Advanced Cell Technology, a Massachusetts-based firm, has tested the treatment on rats and mice which model the human Stargardt disease, and found it prevented further vision loss without adverse side effects.
Stargardt's macular degeneration destroys a part of the retina, leading to loss of vision. The treatment involves a single injection of a type of retinal cell that supports the photoreceptors needed for vision. The researchers have generated the retinal cells from ES cells derived from day-old human embryos left over from IVF treatment and donated for research purposes. ES cells have the potential to develop into any type of cell in the body and, as such, scientists envisage they could be used to mend any broken part of the body, from kidney and liver to brain. They hold promise as a treatment for a range of diseases from Parkinson's to heart disease.
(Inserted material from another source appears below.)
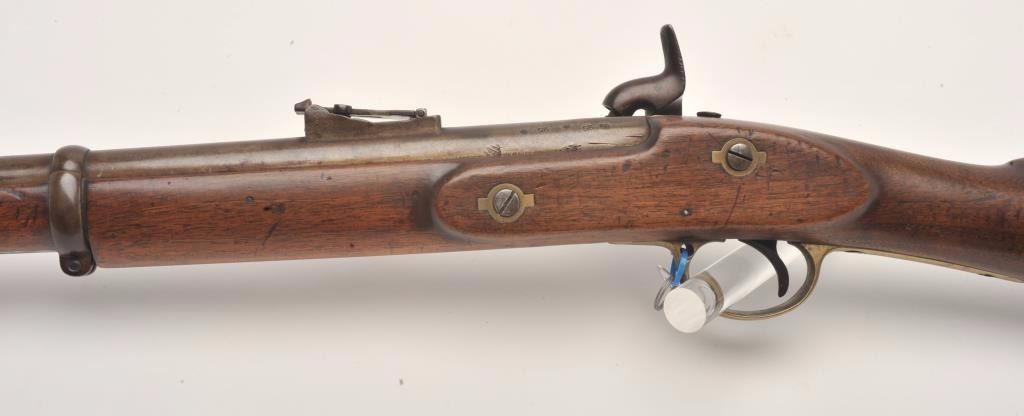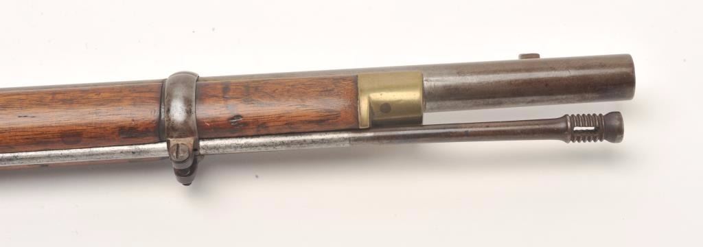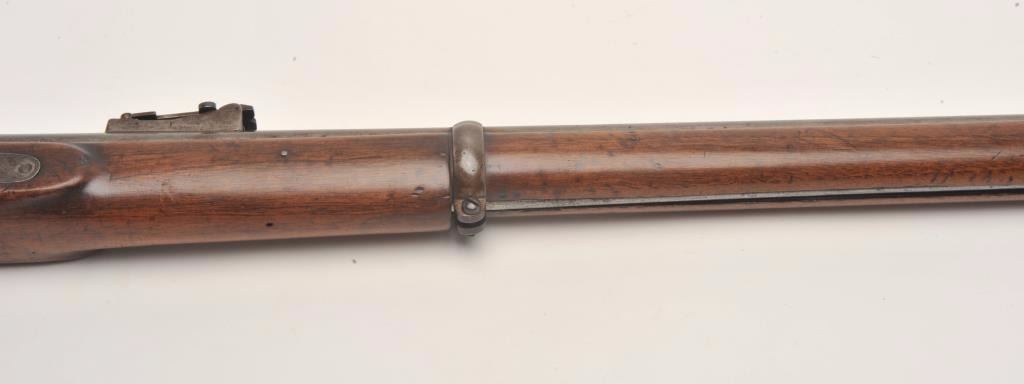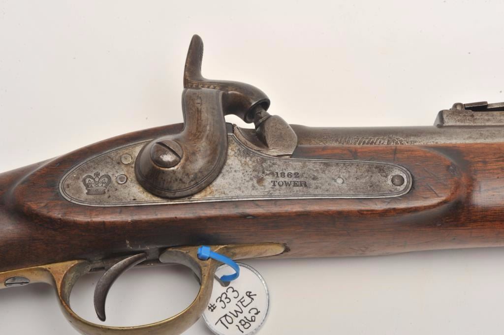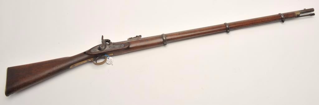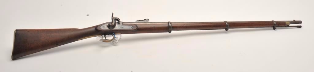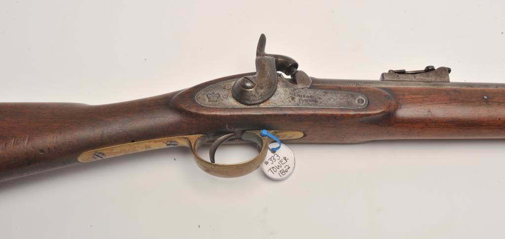 British Tower percussion rifle, .58 caliber, 38” barrel, brass trigger guard and butt plate, wood full length stock, lockplate dated 1862, in overall very good condition displaying a pleasing patina to metalsurfaces, crisp action, sharp markings and very good wood showing scattered old mars and dings from carry and storage. (Antique). Est.: $600-$1,200.

However, using ES cells in medical research is controversial as many view the embryo as sacrosanct and inviolable, and oppose the use of human embryos in research.
'After years of research and political debate, we're finally on the verge of showing the potential clinical value of embryonic stem cells,' said Dr Robert Lanza, the chief scientific officer at Advanced Cell Technology. He added: 'We've seen absolutely no adverse effects whatsoever in any of the preclinical experiments and our cells are more than 99.9 per cent pure.'
'Our research clearly shows that stem cell-derived retinal cells can rescue visual function in animals that otherwise would have gone blind. We are hopeful that the cells will be similarly efficacious in patients,' Dr Lanza continued.
The trials would involve 12 Stargardt patients, and could begin early next year if the FDA grants approval. The clinical trial could be the first in the world as US company Geron, the only company so far to have received a licence from the FDA, has delayed the start of its clinical trial until the end of next year due to safety problems.
A similar proposal to treat age-related macular degeneration with ES cells is being developed by scientists in the UK led by Professor Pete Coffey of University College London, but this clinical trial is unlikely to start until early 2011.